С консьержкой разговаривал какой-то незнакомец. У него был сильный немецкий акцент. Проходя мимо, Анна услышала, что человек спрашивает папу.
— Я провожу вас, — сказала Анна, не обращая внимания на консьержку.
Та с оскорбленным видом протянула Анне письмо. Анна взглянула на конверт — и сердце у нее забилось: английский штамп! Пока лифт поднимался, она думала только о том, что же там, в письме. И вспомнила о папином госте только тогда, когда он заговорил с ней.
— Ты, должно быть, Анна, — сказал человек.
Анна кивнула. Выглядел человек как-то жалко, а голос у него был печальным.
— Папа! — крикнула Анна, входя в квартиру. — Я купила к завтраку круассаны. Еще тебе письмо. И к тебе пришли!
— Пришли? Прямо сейчас? — папа вышел из своей комнаты, завязывая галстук.
Он пригласил незнакомца в гостиную. Анна с письмом в руке прошла следом за ними.
— Простите, как к вам обращаться? — спросил папа.
— Розенфельд, — человек слегка поклонился. — В Берлине я играл в театре. Но вы меня не знаете. Только эпизодические роли, понимаете ли… — он улыбнулся, показывая неровные желтые зубы, и не к месту добавил: — Моя племянница занята в кондитерском бизнесе.
— Папа… — позвала Анна, показывая письмо, но папа отмахнулся: «Позже!»
Герр Розенфельд, казалось, затруднялся сказать, зачем он пришел. Его печальные глаза блуждали по комнате и не могли ни на чем остановиться. Наконец он сунул руку в карман и вытащил маленький пакетик, завернутый в коричневую бумагу.
— Я принес вам вот это, — он протянул пакетик папе. Папа развязал его. В пакетике были часы — старые серебряные часы. Они что-то напоминали…
— Юлиус! — воскликнул папа.
Герр Розенфельд печально кивнул.
— Я тот, кто приносит плохие новости.
Дядя Юлиус умер.
Мама налила герру Розенфельду кофе. Он рассеянно отщипывал кусочки от круассана, который купила Анна, и рассказывал, как умер дядя Юлиус. Год назад дядю Юлиуса уволили из берлинского Музея естественной истории.
— Но почему? — спросила мама.
— Вы прекрасно понимаете почему, — ответил герр Розенфельд. — Его бабушка была еврейкой.
Теперь дядя Юлиус не мог работать ученым-натуралистом.
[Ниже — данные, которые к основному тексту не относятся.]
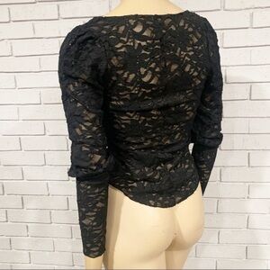 A sheer lace fabric with shirted shoulder detail make for a standout top that can be dressed up or dressed down.

Он нашел себе работу уборщиком на фабрике и вынужден был переехать из своей прежней квартиры в дешевую комнату. Так у него появился новый друг — герр Розенфельд, который жил в соседней комнате. Несмотря на трудности, дядя Юлиус сохранял бодрое расположение духа…
— Он старался принимать вещи такими, какие они есть, вы же знаете, — рассказывал герр Розенфельд. — Я планировал переехать в Париж и присоединиться к племяннице. Я говорил ему: «Поедем вместе! Нам обоим найдется место в кондитерском деле!» Но он отказался. Он все надеялся, что ситуация в Германии изменится к лучшему.
Папа кивнул, вспоминая, как дядя Юлиус приезжал к ним в Швейцарию.
Герр Розенфельд и дядя Юлиус часто беседовали, и дядя Юлиус очень уважительно рассказывал о папе и его семье. Пару раз герр Розенфельд сопровождал дядю Юлиуса в зоопарк, где дядя Юлиус проводил все воскресенья. Хотя у дяди Юлиуса было очень мало денег, он всегда покупал орешки для обезьян и лакомства для других животных. Герр Розенфельд не мог скрыть удивления, когда видел, как звери при виде дяди Юлиуса бросаются к решеткам своих клеток.